In the authors’ experience, AF with acne also often are concerned with photoaging. In addition to serving as the cornerstone of acne therapy, many women are aware of the benefits of retinoids for treating signs of photoaging and are pleased to utilize retinoids as part of an acne regimen. As clinicians, the authors agree with the recent article published by Dreno et al recommending a general treatment approach that targets the clinical presentation and incorporating general lifestyle factors, such as desire for treatment of photoaging, presence of pigmentary problems, and presence of scars.

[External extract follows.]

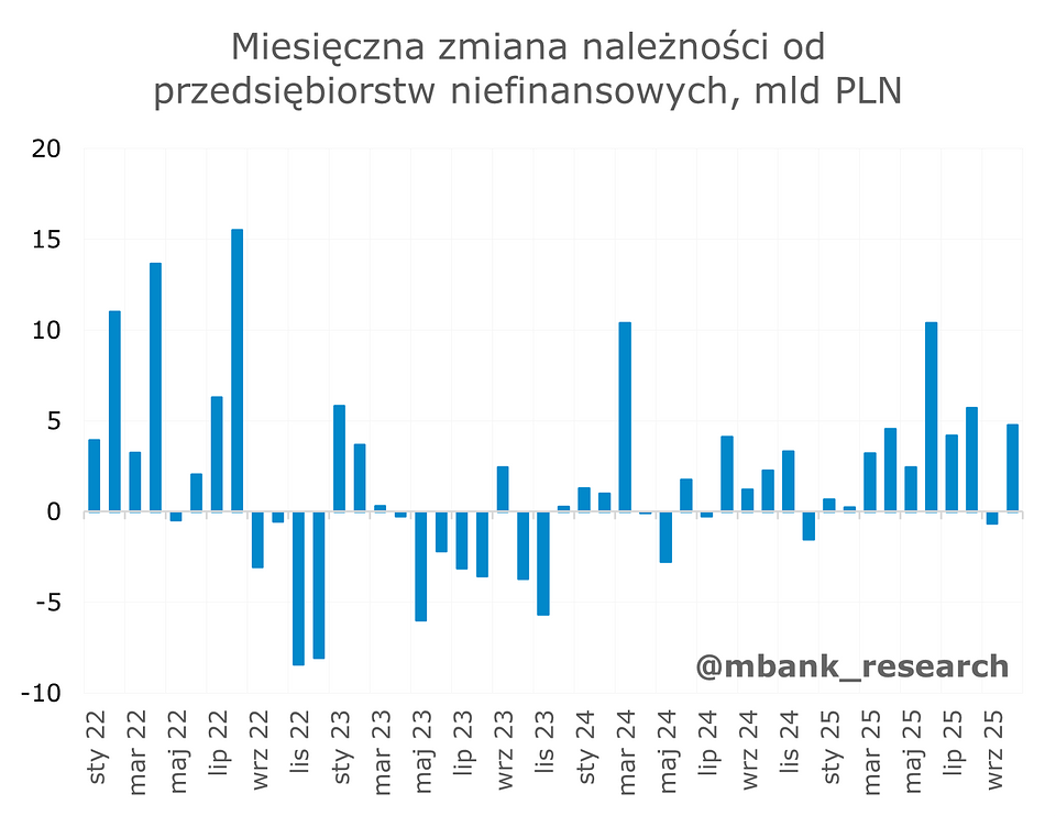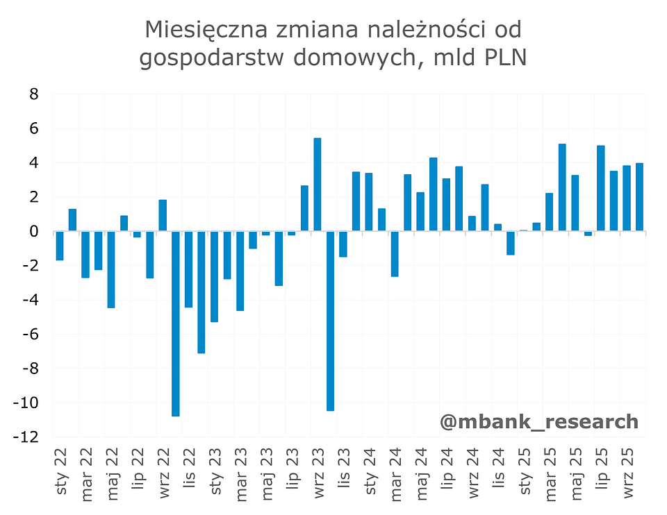Podaż pieniądza M3 (11,1% r/r --> 10,6% r/r) wzrosła ponownie w dwucyfrowym tempie, co spotkało się z konsensusem rynkowym. Od strony czynników kreacji pieniądza warto zwrócić uwagę na kolejny miesiąc ze wzrostem po stronie należności od gospodarstw domowych (kredyty). Jednocześnie, po słabym wrześniu, odbicie nastąpiło również w przypadku należności ze strony przedsiębiorstw niefinansowych. Poza tym o blisko 22 mld zł wzrosło zadłużenie netto sektora centralnego (więcej emisji obligacji netto), co nie jest specjalnym zaskoczeniem. Dekompozycja rocznej dynamiki agregatu M3 wskazuje w ostatnim czasie na malejącą rolę aktywów zagranicznych netto i rosnącą rolę deficytu budżetowego. Pozostałe składowe nie wykazywały większych zmian.

A large proportion of AF with acne have a clinical presentation similar to teen-aged (youth) acne. The general treatment approach in AF with acne should include agents that target the lesions present and for most patients likely should include a topical retinoid plus antimicrobial as is standard for younger acne sufferers. The acne therapeutic strategy for AF also has to take into account the risk of adverse events linked to hormonal treatment or even low doses of isotretinoin. Available studies demonstrate that at least a subset of AF responds as well, if not better, than YF treated with topical therapies. The fixed-dose combination product A-BPO gel is a suitable treatment for acne in AF 25 years and older as it targets multiple pathophysiologic factors of acne and has a rapid onset of action. It has an overall profile in AF that is similar to that observed in YF. A-BPO gel is efficacious, well-tolerated, and has a good safety profile in a wide range of acne subjects, including AF.